Our process typically includes: 

  • An overview of insurance reimbursement for the specific condition/topic
  • Background on the topic
  • History and coverage trends
  • Stakeholder opinions and experiences
  • Details on the coding, payment and coverage policies for public and private companies.
  • Review of coverage determination documents, counts of service provided
  • Comparison of innovation to current standard practice
Image of Claim Form

Reimbursement strategy should be established early in the development process and revisited multiple times during the product development cycle. During the Need and Opportunity Analysis, product viability may be determined to hinge on health insurance coverage if potential customers cannot or will not pay for a healthcare product out-of-pocket. In these cases, the ability for the customer to obtain reimbursement from an insurer is a critical element of the business model and key to achieving revenue streams that sustain product development and allow the business to grow. 
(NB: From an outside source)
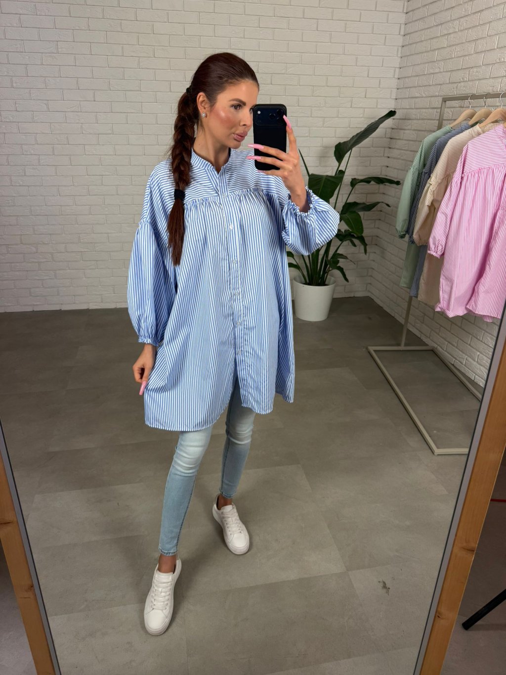 Zvislé pruhy opticky zoštíhľujú a predlžujú siluetu, vďaka čomu pôsobí outfit upravene a žensky bez námahy. Rukávy sú výrazne voľné a zakončené jemnou elastickou gumičkou, ktorá vytvára pekný objem a zároveň zabezpečí pohodlie pri nosení. Vďaka svojej dĺžke je košeľa ideálna nielen ku legínam alebo džínsom, ale môžeš ju nosiť aj samostatne ako ľahké letné šaty. Veľkostne sadne na konfekčné veľkosti M až XL.

innovators can avoid spending precious capital on designing, developing, and testing features for which insurers will not pay by including insurers early in market research. Their input will provide an early opportunity for the team to pivot, or make changes to the product before development begins. Reimbursement considerations not only affect the product design, but also impact clinical testing and the strategy to obtain evidence required to support payment from an insurer. Waiting to consider reimbursement until the regulatory and product evaluation development stages will increase the risk for the product post FDA clearance. Careful consideration of these topics will result in a sound reimbursement strategy and provide project risk mitigation.